**DATASET EXTRACT**
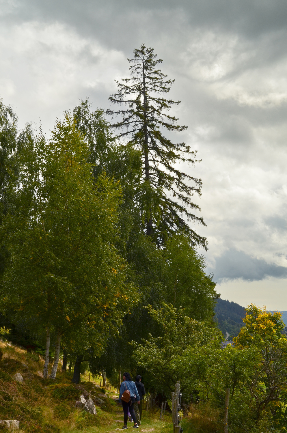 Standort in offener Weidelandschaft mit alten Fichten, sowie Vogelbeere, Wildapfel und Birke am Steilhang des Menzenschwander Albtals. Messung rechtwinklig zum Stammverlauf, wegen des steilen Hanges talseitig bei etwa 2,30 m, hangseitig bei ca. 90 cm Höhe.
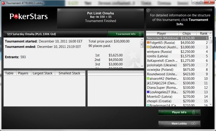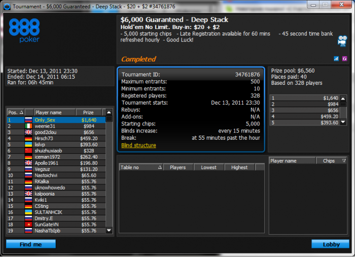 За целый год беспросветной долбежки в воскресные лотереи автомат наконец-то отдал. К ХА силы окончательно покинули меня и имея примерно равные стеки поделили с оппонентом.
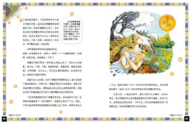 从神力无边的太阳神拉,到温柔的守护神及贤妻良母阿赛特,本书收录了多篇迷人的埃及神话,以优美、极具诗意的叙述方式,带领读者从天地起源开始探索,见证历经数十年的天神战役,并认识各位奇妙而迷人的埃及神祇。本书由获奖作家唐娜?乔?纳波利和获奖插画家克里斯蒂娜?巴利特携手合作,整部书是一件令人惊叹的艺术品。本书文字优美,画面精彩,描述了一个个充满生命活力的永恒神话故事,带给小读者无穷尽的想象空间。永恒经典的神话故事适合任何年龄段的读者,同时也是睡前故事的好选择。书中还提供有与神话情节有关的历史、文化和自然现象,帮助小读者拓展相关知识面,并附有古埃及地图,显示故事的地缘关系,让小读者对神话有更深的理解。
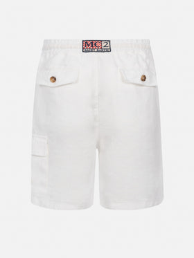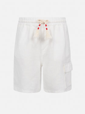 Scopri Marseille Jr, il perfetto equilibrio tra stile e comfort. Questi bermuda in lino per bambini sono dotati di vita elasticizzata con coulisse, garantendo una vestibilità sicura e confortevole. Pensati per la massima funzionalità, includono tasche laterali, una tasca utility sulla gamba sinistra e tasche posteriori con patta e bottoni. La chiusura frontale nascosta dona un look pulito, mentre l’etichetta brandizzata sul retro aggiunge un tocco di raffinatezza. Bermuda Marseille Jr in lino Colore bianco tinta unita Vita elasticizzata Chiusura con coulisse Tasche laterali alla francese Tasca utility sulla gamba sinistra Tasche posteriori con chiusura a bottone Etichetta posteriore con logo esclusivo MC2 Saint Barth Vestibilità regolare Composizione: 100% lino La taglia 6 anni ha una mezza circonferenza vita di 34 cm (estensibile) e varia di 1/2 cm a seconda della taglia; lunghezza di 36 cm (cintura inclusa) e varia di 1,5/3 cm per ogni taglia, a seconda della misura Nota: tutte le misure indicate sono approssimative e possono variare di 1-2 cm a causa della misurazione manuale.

--

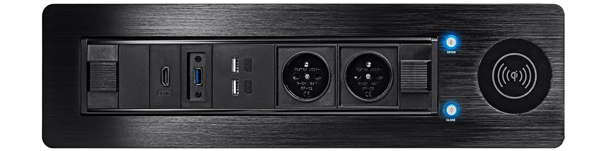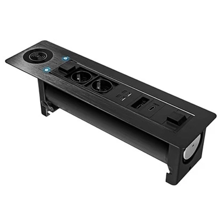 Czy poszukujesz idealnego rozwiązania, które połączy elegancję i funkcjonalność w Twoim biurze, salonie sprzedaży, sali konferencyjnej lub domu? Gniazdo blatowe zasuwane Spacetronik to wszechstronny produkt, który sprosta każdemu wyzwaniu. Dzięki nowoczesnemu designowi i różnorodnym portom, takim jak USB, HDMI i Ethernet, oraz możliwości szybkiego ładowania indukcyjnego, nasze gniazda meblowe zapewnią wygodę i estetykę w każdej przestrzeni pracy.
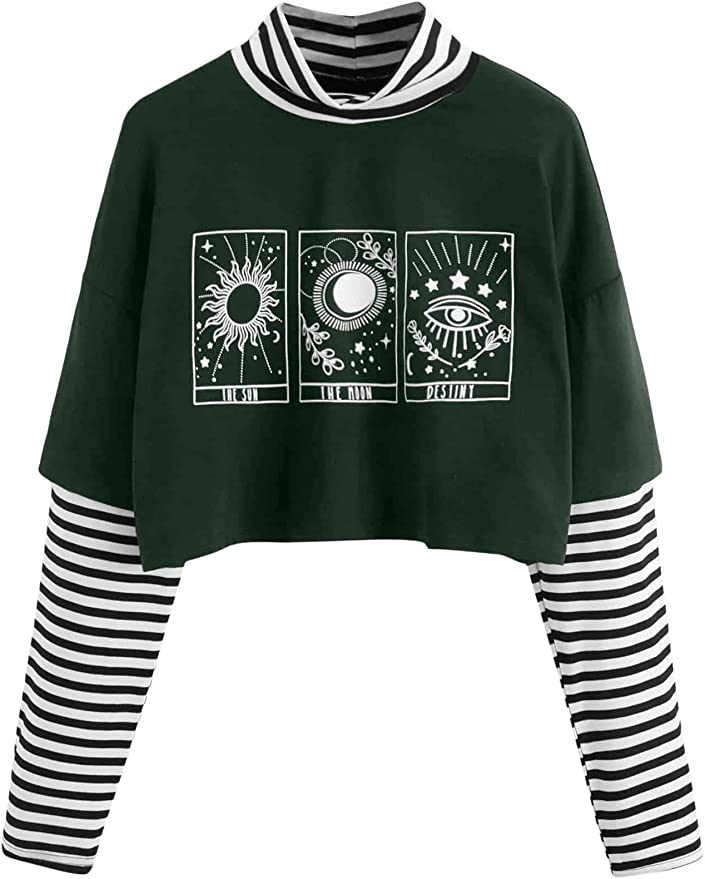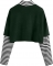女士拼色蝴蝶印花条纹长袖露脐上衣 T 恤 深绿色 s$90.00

...

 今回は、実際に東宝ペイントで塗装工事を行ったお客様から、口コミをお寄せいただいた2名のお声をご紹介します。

**WHAT TO DO**
When you reach the line that has "Standort in offener" in the data above, start repeating lines exactly, and stop after the line that has "За целый год"; pictures stay out.

**YOUR RESPONSE**
 Standort in offener Weidelandschaft mit alten Fichten, sowie Vogelbeere, Wildapfel und Birke am Steilhang des Menzenschwander Albtals. Messung rechtwinklig zum Stammverlauf, wegen des steilen Hanges talseitig bei etwa 2,30 m, hangseitig bei ca. 90 cm Höhe.
 За целый год беспросветной долбежки в воскресные лотереи автомат наконец-то отдал. К ХА силы окончательно покинули меня и имея примерно равные стеки поделили с оппонентом.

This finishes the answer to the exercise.